I know my partner is able to work in Germany as he is a British citizen, I was just wondering what options I have. I would like to have to option of working in Germany as well so would I apply for a visa before we leave the UK or is it possible for me to get a work permit once we are there?
And does anyone know what visa/work permit I would be eligible for as the spouse of a UK citizen? Information I've found online is a bit vague
Cheers


----------



## usgirl

Hi there! Im pretty dire you can apply for an eea family permit. It's free to apply. And even better family permits are processed with priority. I am a us citizen married to an Irish man and we both live in the UK. I have a family permit to live in the UK. However, we are thinking of moving to Germany for a job for him. I am wondering the same thing as you-whether or not we have to get a permit before or if I can just go after I get there. I've read some places that you can just go to the Auslaenderbehoerde and you can apply there, and they will give you a residence card....but I'm not convinced. What information are you finding?!?


----------



## douglasphil

First apply for visa then move there. It will take 2 or 3 months only once you will get visa then sift there.


----------



## Pixie88

Well we are wanting to leave in May so I'm not sure I even have time to apply for a visa.
I found this on another website (it won't let me post the link)
_"EU-citizens have the right to enter Germany without a visa and reside here without any further pre-requisitions. Furthermore, they have the right to search for a job for 6 months. Family members, who are accompanying them and have a non-EU citizenship only, have to apply for a visa but the visa has to be issued immediately (even directly at the border) free of cost. A violation of this duty to have a visa may not result in a denial of further residence, according to the European Court of Justice, if the right of freedom of movement is existent."_

I don't really like the idea of just applying for a visa at the border either but it seems like the easiest way.


----------



## James3214

If you have less than 5 posts we don't allow links but that website is completely wrong. EU citizens can come and go and look for work as they please (as in other Schengen countries) As you have an Austrialian passport you don't need a visa to enter Germany and as you will be a 'spouse' you can get a residence permit which will allow you to look for work. Maybe other posters can correct me if I am wrong but that is the way I understand it.


----------



## Pixie88

Thank you, I did think the 6 month thing was a bit odd, though it shouldn't be a problem for us either way as the aim is for my partner to find work in Germany asap so I can then qualify for an EEA family permit to come back to the UK.


----------



## CampoKid

The six month thing, and the website are correct. 

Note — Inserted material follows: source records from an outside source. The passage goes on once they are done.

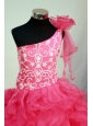 Home >  Special Occasion Dresses >  Little Girl Pageant Dresses > Perfect Hot Pink One Shoulder Neckline Flower Girl Pageant Dress With Embroidery and Flower Decorate Organza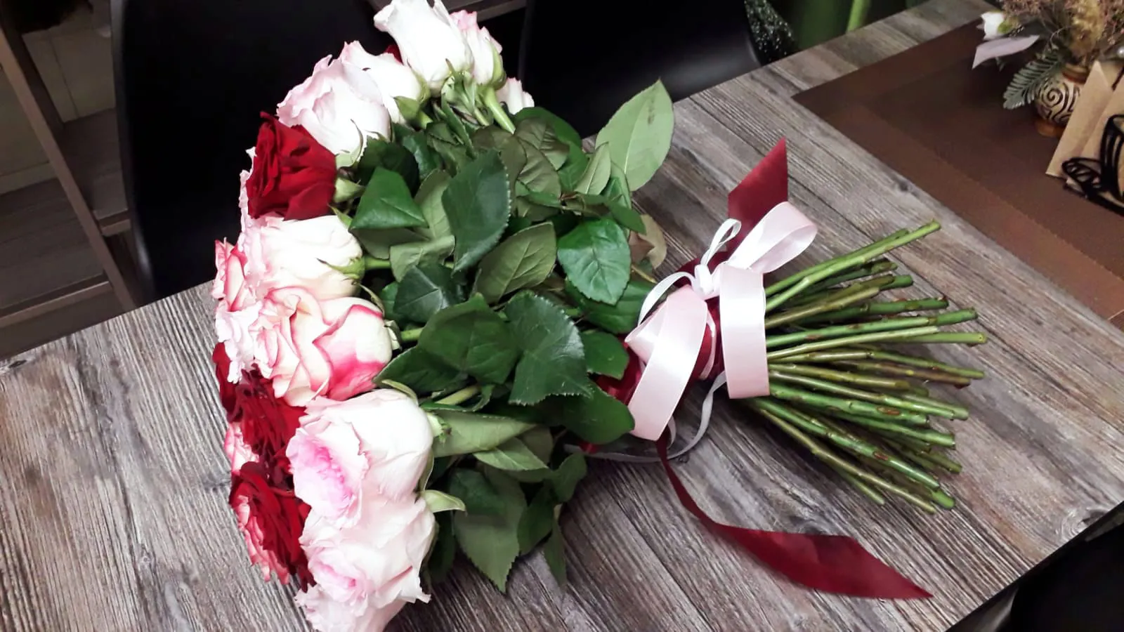 Букеты из красных и белых роз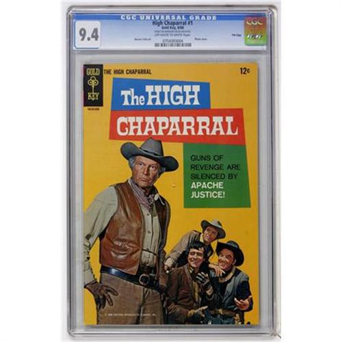<B>High Chaparral #1 File Copy (Gold Key, 1968) CGC NM 9.4 Off-white to white pages.</B></I> Photo cover. Warren Tufts art. CGC notes, "From the Random House Archives." Overstreet 2007 NM- 9.2 value = $70. CGC census 9/07: 6 in 9.4, 1 higher.<BR><BR><b>Shipping:</b> Comics - Slabbed (certified) (<a target="_blank" href="http://www.heritageauctions.com/common/shipping.php">view shipping information</a>)

Although this European treaty allows free movement, you must be exercising your treaty rights - by working - as this is exactly what this treaty is for. 

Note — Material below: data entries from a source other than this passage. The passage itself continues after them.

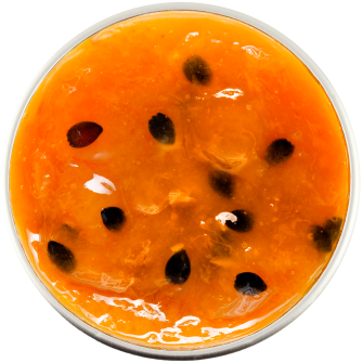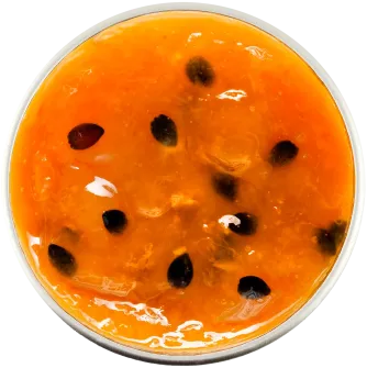 - Фруктова частина: 50% (маракуйя пюре - 30%; персик - 20%); вода; цукор; сорбіт харчовий; пектин; сік лимону концентрований; харчові волокна; стевія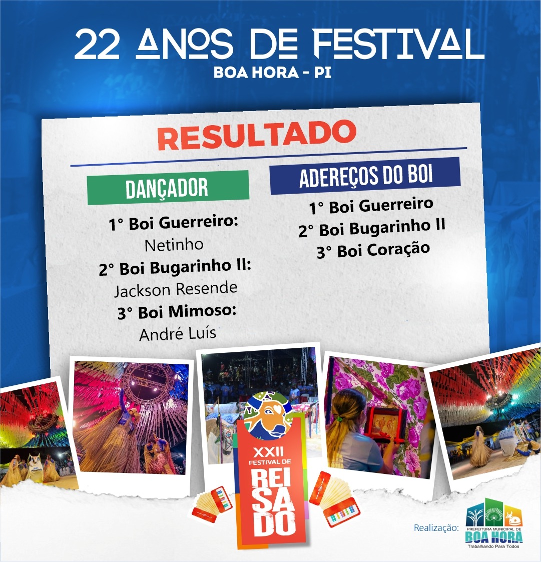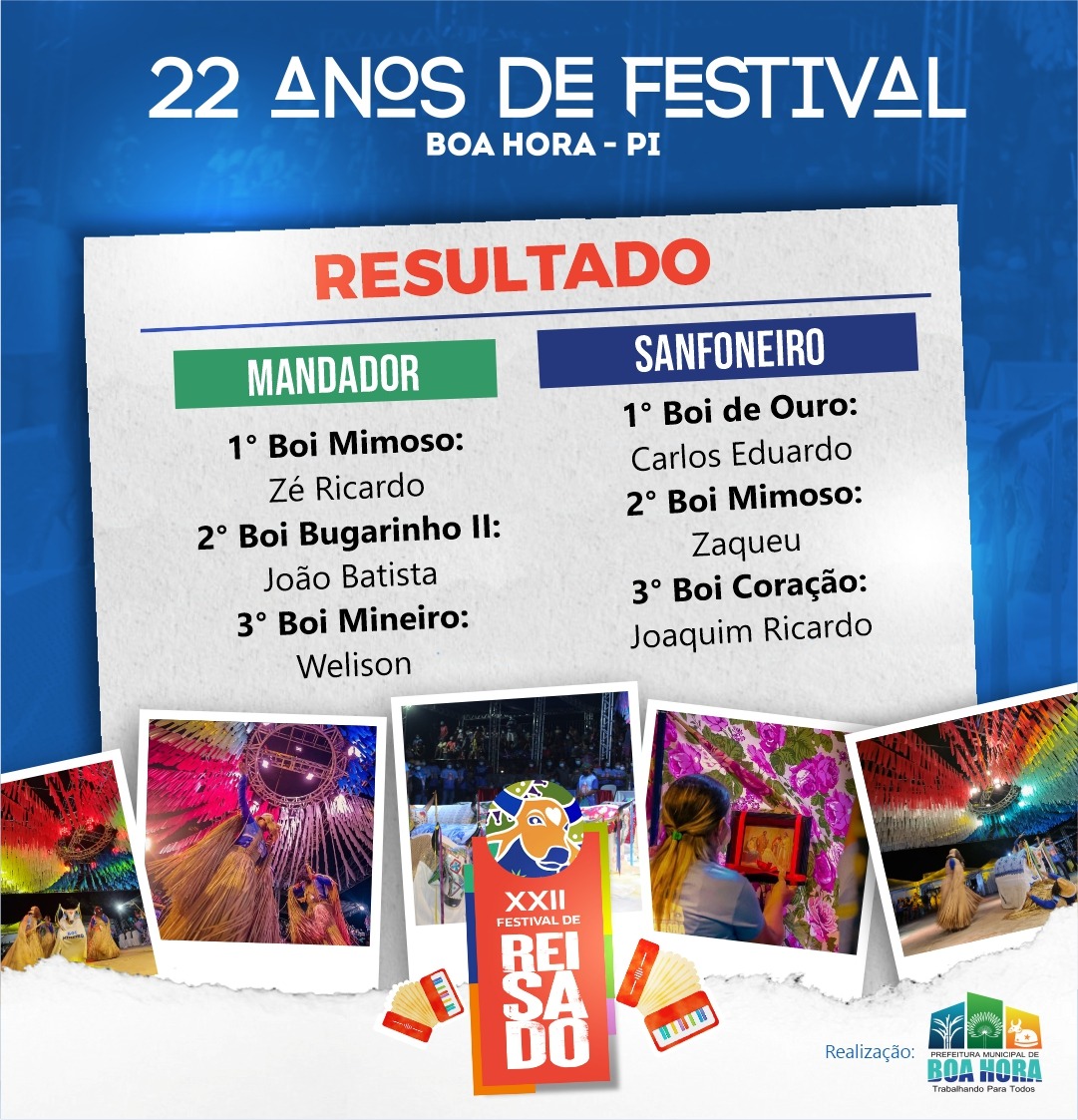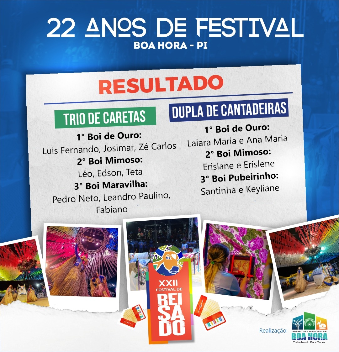 A Comissão Organizadora do XXII Festival de Reisado de Boa Hora divulgou através da Prefeitura Municipal a relação dos grupos de reisado e componentes vencedores nas categorias: Trio de Caretas; Dançador; Sanfoneiro; Mandador; Dupla de Cantadeiras e Adereços do Bois.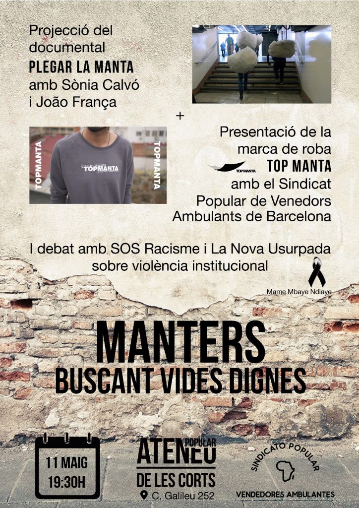 Divendres 11 de maig participem al cineforum de “Plegar la manta“, documental del 30 minuts de TV3 realitzat a partir del treball “Vida mantera” realitzat per Catalunya Plural i SOS Racisme amb la Beca DevReporter.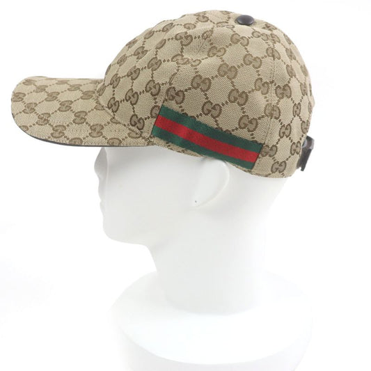 Gucci 200035 GG Canvas Webline Baseball Cap Hat Beige Xs/56cm (22.05in) Made In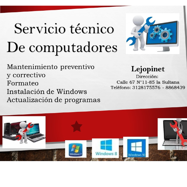 Mantenimiento y reparacion de computadores, actualizacion de programas, instalacion de windows.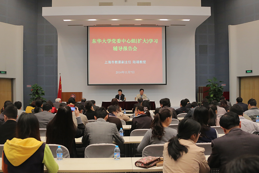 11月7日,学校在松江校区举行中心组(扩大)学习会议,上海市教委副主任陆靖教授作题为《高考改革方案制定中的若干思考》的辅导报告。校党委书记朱民,校长徐明稚,党委副书记殷耀,副校长宋立群、俞建勇、陈招应、刘春红、邱高、李永智出席。殷耀主持学习会议。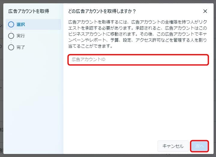 ⑥広告アカウントIDを入力し、「次へ」をクリックします。

Germany requires that register as a job-seeker when looking for work, then gives you 6 months to find it - a reasonable amount of time

If you are not looking for work, you don't need to register as a job-seeker, and can stay as long as you like. As long as you have health insurance and can prove you have the means to support yourself. 

Other countries are also adopting similar strategies to handle the potential influx of European citizens. 

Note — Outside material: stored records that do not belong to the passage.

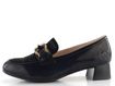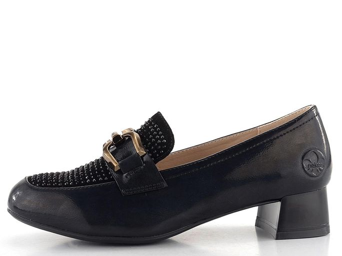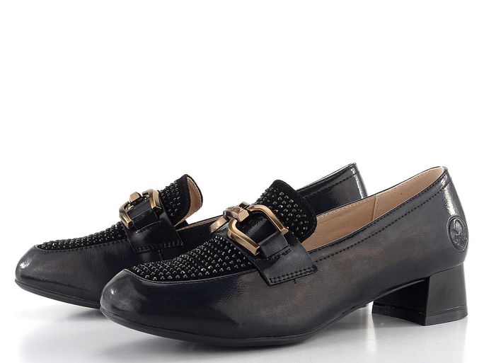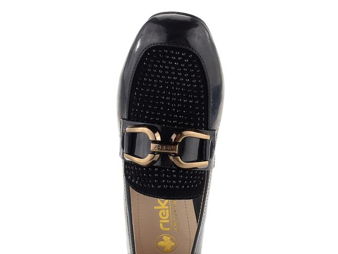 Elegantní lakované polobotky od značky Rieker jsou ideální volbou pro podzimní a zimní sezónu. Tyto boty vynikají svým hranatějším střihem špičky a kombinací lakované a semišové kůže v černé barvě. Semišová špička je zdobena jemnými broušenými kamínky, což dodává botám jedinečný vzhled. Nárt je ozdoben aplikací s názvem značky ve starozlaté barvě. Uvnitř najdete poddajnou celokoženou podšívku a extra měkkou, koženou stélku, která zaručuje maximální pohodlí. Latexová podešev se širokým stabilním podpatkem o výšce 3,7 cm poskytuje bezpečný krok. Tyto polobotky jsou vyrobeny lepeným způsobem, což zajišťuje jejich trvanlivost. Přirozené zvrásnění materiálu při nošení je typickou vlastností, nikoliv vadou. Dopřejte si luxus a komfort s těmito elegantními polobotkami.
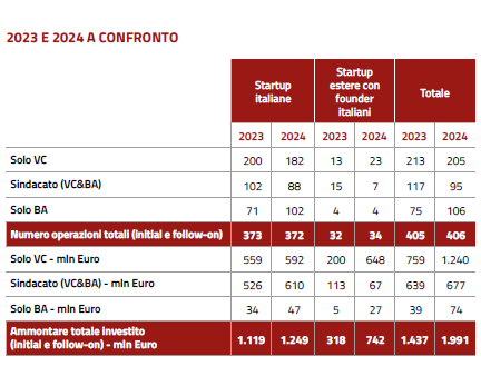Relativamente alle sole startup con sede in Italia, venture capital e corporate venture capital hanno investito 592 milioni di euro su 182 round, le attività di sindacato tra venture capital, corporate venture capital e business angel hanno fatto registrare investimenti pari a 610 milioni di euro su 88 operazioni e i soli business angel hanno investito 47 milioni in 102 round. Il totale di queste attività porta la filiera del Venture Capital in Italia ad aver investito oltre 1,2 miliardi di euro su 372 round. Aggiungendo anche gli investimenti in startup estere con founder italiani, il totale complessivo si attesta a 2 miliardi di euro su 406 round.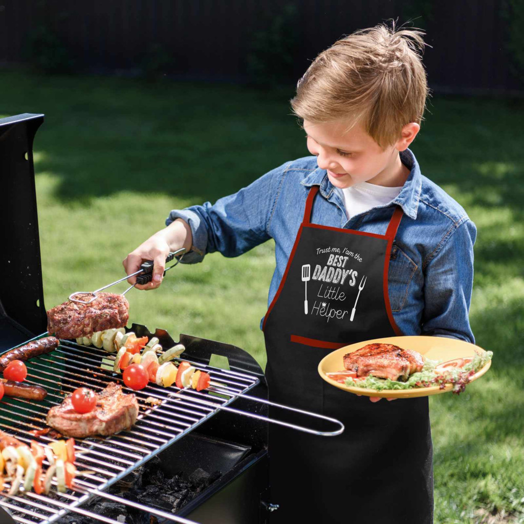 Praktikus kiegészítője a kerti sütögetésnek. Megvédi ruháját a zsírfoltoktól. Poliészter anyaga vízlepergető hatással bír. A középen lévő nagyméretű zsebben mindig magánál tudhatja a legfontosabb BBQ kellékeket.
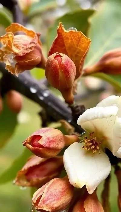 Симптомы монилиоза проявляются по-разному в зависимости от стадии развития болезни и пораженной части дерева. На начальной стадии, во время цветения, наблюдается внезапное увядание и побурение цветков. Они становятся мягкими и быстро опадают, часто не успевая завязаться в плоды. Это один из первых признаков, на который стоит обратить внимание. Пораженные цветки могут выделять капельки липкой жидкости, содержащей споры грибка.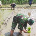 Bangli – Babinsa Desa Mengani, Peltu Komang Wiredana, melaksanakan pendampingan kegiatan tanam padi (LTT) di Subak Giri Merta Yoga bertemp...

Yes, this all appears to be illegal under European law, but any challenge would be likely to fail, as the countries concerned have given you reasonable time to exercise your treaty rights.

Incidentally, the actual length of time you have to execute these rights is 3 months.


----------



## CampoKid

I should add though, that you are 'asked', not forced, to leave. I guess they don't want to start that legal challenge.


----------



## Antonia29

Hi There, Im a German citizen myself and my fiance is also Australian. we both live int he UK at the moment and he has an EEA2 visa which im sure you would qualify for if u have been and lived together for 2years. You would have to prove that though. As far as Germany goes you can apply for a visa inside Germany but we found that they tend not to be very helpful and it can be very complicated. Since we are moving back to Germany in May aswell we are lookking for a visa for my fiance as well. We thought of a working holiday visa since working permits have been hard to get for us... we will apply here in the UK but we are not sure how yet... Maybe anyone else knows?


----------